"日本国国防軍" -終わりなき戦い- 国際治安支援部隊 ISAF 作:Veruhu
状況が開始したら真面目に書きますので、ご了承いただければ幸いです。
「隊員が死傷した際、どうするか?」
小隊長は問うた。
「はい! 状況に応じ、どのタイミングで救出に入るかを決心し、適切な第一線救護を実施して、衛生員を要請するか、小隊本部まで後送するか、メディバックを要請します」
俺がそう答えると、小隊長は頷いた。
「よろしい。後は前日の作戦命令通りだ。分からない点、あるならばしっかりとこの場で質問せよ。質問!」
一時の空白が生まれたが、やがて俺を含む分隊長等は口を開いた。
『無し!』
「了解。お前たちを信じよう。戦闘指導終わり! では続いて時刻を規制する。現在時、小隊長の時計で0733。0734まで残り30秒」
分隊長等は腕時計を調節し、0734にセットする。そして小隊長の号令が掛かり次第、カチッと時計のネジを押し込んで、時計を動作させるのである。
「5秒前、4、3、2、1、今!」
『完了!』
これで0734に時刻規制が完了したことになる。小隊長及び分隊長等の時計はほとんどズレてはおらず、時刻を使用した部隊の詳細な指揮が、これで可能となった訳だ。

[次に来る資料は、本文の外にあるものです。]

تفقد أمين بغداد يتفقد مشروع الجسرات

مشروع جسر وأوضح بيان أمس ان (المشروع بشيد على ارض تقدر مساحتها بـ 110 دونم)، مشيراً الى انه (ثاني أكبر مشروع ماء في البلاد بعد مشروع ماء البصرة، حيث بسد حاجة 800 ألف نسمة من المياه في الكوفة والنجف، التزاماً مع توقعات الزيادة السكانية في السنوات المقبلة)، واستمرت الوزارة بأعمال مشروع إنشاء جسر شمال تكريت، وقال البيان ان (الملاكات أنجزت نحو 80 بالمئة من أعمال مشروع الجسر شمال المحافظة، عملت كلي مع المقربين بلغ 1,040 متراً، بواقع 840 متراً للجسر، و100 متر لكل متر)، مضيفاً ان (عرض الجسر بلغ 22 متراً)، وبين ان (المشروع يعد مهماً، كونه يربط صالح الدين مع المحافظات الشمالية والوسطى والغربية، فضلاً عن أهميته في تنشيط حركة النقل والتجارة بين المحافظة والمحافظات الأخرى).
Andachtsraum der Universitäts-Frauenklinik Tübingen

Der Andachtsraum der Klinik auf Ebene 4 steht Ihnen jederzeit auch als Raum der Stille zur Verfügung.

「では各分隊長は0750迄に命令下達及び戦闘指導を完了し、同時刻の連絡通に備えよ。その後、連絡通が問題無く完了すれば、当初の予定通り0755に状況を開始するものとする。周波数を忘れた奴はおらんな? ……よし、以上! 別れて爾後の行動、別れ!」
『別れます!』
俺を含む各分隊長は敬礼をし、その後解散して自分の分隊の下へ向かった。俺は第三分隊の前に再度立つと、号令を下した。
「命令を下達する! 密集円陣!」
『密集円陣!』
分隊員等は復命復唱しながら、迅速に円陣を組んで行く。
「よし、全員
俺は円陣が組めたのを確認すると、号令を下し全員に折を敷かせた。そして地図を取り出し、円陣の中央に配置する。

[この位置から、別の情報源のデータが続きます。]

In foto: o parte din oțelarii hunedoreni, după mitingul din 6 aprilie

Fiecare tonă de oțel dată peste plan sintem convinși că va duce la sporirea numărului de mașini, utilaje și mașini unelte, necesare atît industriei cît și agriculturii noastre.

「全員くどいと思っているかもしれないが、再度作戦を確認するぞ」
俺は真面目な表情を崩さず、俺と地図とを交互に見分ける分隊員等に告げた。
「命令! 敵情及び我の状況について、変化無し! これより我、第三分隊を含む情報小隊は攻撃発起位置、つまり現駐屯地をオスプレイにて出動し、LZ 12まで移動を実施する。降着後オスプレイから下車、展開し、我々第三分隊は第二分隊と協同して直ちにRLY 7まで前進を実施する。
……RLY 7に到着後、この施設、と言っても土で出来た建物だが、これの検索を行う。敵が中で待ち伏せして居ないという確証はないから、気を抜かずに検索しろ。またRLY 7まで向かう際の前進速度は駆け足である。遮蔽のほとんどない平野を移動する訳だから、全員立ち止まるなよ。

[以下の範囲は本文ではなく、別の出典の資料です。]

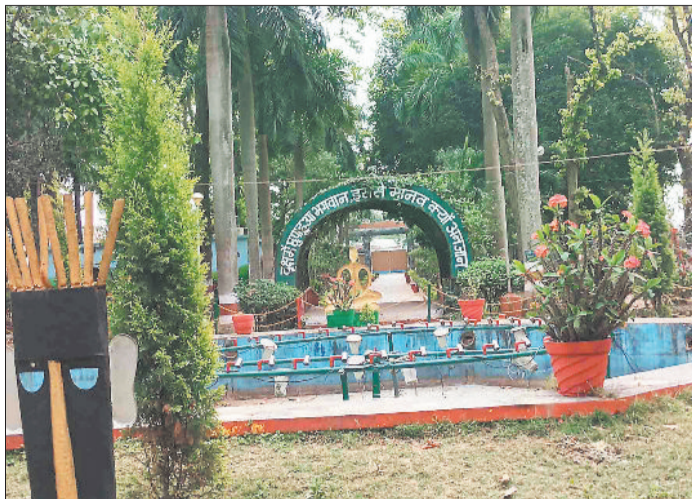
सुरी संजय वनवाटिका।

संजय वन वाटिका स्थित हिरणों के बाड़े में 20 मार्च की रात पिछले हिस्से से आवारा कुत्ते घुस गए थे तथा हमला कर 15 हिरणों को मार दिया था। पहली बार हुई इस तरह की घटना से वन अधिकारियों में हड़कंप मच गया था। मामले में वाटिका में तैनात वनकर्मियों की लापरवाही उजागर होने पर अधिकारियों ने डिटी रेंजर सहित पांच वनकर्मियों को तत्काल प्रभाव से निष्कांत कर दिया था। साथ ही आवश्यक सुधार के लिए वाटिका को तीन दिनों के लिए बंद कर दिया था। इस अप्रत्याशित घटना को लेकर विभाग की कार्याप्रणाली को लेकर भी तरह-तरह के सवाल उठे। वाटिका का सुधार कार्य पूरा होने के उपरांत गुरुवार को इसे पर्यटकों के लिए खोल दिया गया है। विभाग ने वाटिका के प्रबंधन से पूर्व में ही वन प्रबंधन समिति को पृथक कर दिया है था। अब वाटिका के प्रबंधन की जिम्मेदारी विभाग के दो अन्य कर्मचारियों को सौंपी गई है जबकि पार्क की साफ-सफाई सहित अन्य कार्यों में पूर्व के मजदूरों

またRLY 7まで前進する際は各班、傘型隊形を基準とせよ。と言っても駆け足で必死なわけだから、そこまで形にこだわらずとも良い。あくまでも基準とするんだ、無理そうならば縦隊でも構わん。
また前進順序は当初の予定通り、Alpha、Sierra、Bravoである。他の分隊に紛れて迷子にならんよう、注意しろ。
そしてRLY 7が当初の予定通り検索完了すればその後OBJ KILOまで順次前進を開始するものとする。俺たちが前進するのは、Axis MIEだぞ? 絶対に間違うな。
……以上だ! 質問!」
『無し!』
分隊員等は即座に返答を返した。よくよく把握しているという証拠だろう。だが俺は気を緩めてはならないと自分に言い聞かせ、戦闘指導に入る。
「了解! 命令の下達終わり! 続いて戦闘指導を実施する! 黒木二曹!」
「はい黒木二曹!」
第一小銃班班長、黒木二等陸曹が呼応した。
「LDの要求通過時刻は何時何分か!」
「0900時であります!」
「よろしい。続いて谷口二曹!」
「はい谷口二曹!」
第二小銃班班長、谷口二等陸曹が呼応する。
「LDに同時設置されたPLの名称は何か!」
「”竹”であります!」
「よろしい! では続いて朽木三曹!」
「はい朽木三曹!」
第三機関銃班班長、朽木三等陸曹が呼応する。